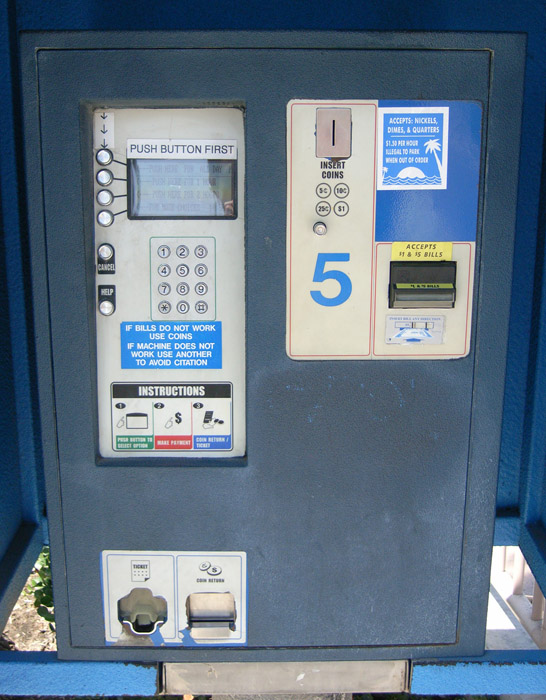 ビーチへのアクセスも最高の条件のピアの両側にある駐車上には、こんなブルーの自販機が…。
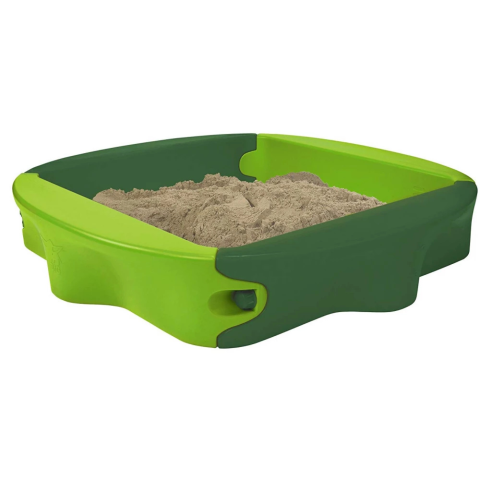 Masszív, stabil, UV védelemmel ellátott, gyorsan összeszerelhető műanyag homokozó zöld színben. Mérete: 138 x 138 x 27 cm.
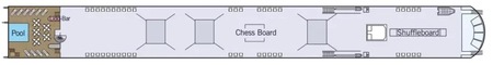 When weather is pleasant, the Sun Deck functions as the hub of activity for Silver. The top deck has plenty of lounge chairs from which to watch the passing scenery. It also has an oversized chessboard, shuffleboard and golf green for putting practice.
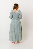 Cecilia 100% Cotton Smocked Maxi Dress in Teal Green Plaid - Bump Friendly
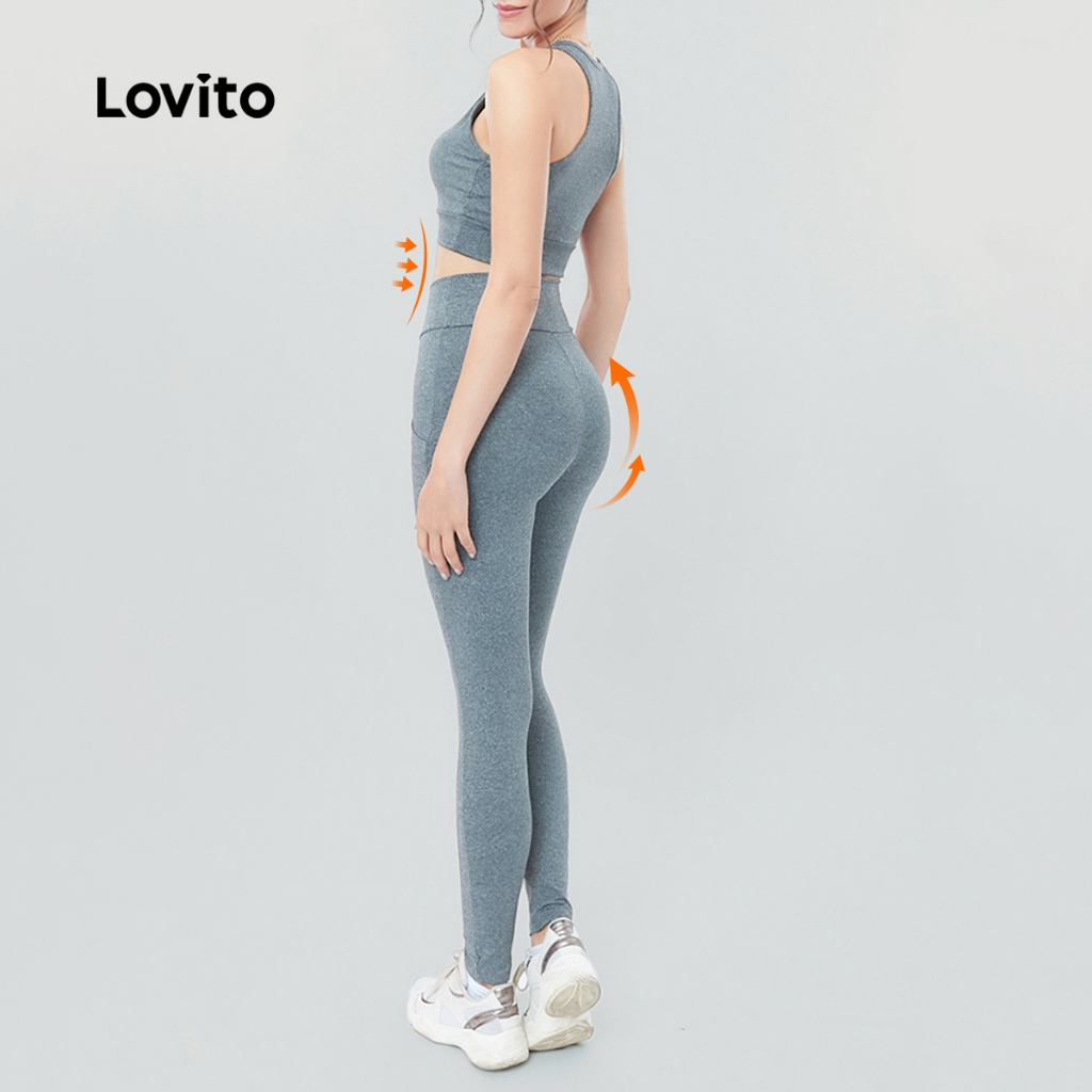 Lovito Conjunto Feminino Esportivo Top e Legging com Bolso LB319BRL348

* [Problem details]:
In the copy, include every entry above exactly and leave out each picture.

* [Output for this task]:
 ビーチへのアクセスも最高の条件のピアの両側にある駐車上には、こんなブルーの自販機が…。
 Masszív, stabil, UV védelemmel ellátott, gyorsan összeszerelhető műanyag homokozó zöld színben. Mérete: 138 x 138 x 27 cm.
 When weather is pleasant, the Sun Deck functions as the hub of activity for Silver. The top deck has plenty of lounge chairs from which to watch the passing scenery. It also has an oversized chessboard, shuffleboard and golf green for putting practice.
 Cecilia 100% Cotton Smocked Maxi Dress in Teal Green Plaid - Bump Friendly
 Lovito Conjunto Feminino Esportivo Top e Legging com Bolso LB319BRL348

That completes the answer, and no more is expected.